(What is required): Set out exactly every line of the entries below, starting at the line that holds "Derince ilçesinde hafif" and stopping after the line that holds "数据来源: 区块链游戏每日活跃用户数 - Footprint Analytics".

(Task material):
= = = = =

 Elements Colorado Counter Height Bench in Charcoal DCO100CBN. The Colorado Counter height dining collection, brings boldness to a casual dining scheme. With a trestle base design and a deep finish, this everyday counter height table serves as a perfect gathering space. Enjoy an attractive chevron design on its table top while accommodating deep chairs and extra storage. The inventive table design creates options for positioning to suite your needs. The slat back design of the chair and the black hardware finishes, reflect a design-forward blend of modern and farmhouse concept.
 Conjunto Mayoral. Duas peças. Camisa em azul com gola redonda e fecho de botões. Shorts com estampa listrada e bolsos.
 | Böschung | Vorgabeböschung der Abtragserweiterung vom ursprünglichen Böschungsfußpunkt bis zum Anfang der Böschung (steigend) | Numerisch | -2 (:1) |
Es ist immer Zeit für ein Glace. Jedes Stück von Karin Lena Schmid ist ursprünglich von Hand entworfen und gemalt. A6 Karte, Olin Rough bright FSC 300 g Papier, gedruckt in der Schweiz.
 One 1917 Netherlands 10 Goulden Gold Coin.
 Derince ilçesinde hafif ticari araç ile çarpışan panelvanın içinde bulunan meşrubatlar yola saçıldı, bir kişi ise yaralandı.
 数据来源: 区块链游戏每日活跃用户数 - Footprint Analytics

= = = = =

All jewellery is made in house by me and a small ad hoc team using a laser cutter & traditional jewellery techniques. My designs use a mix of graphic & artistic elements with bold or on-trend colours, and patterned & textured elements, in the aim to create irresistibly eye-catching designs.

= = = = =

(Result of the task):
 Derince ilçesinde hafif ticari araç ile çarpışan panelvanın içinde bulunan meşrubatlar yola saçıldı, bir kişi ise yaralandı.
 数据来源: 区块链游戏每日活跃用户数 - Footprint Analytics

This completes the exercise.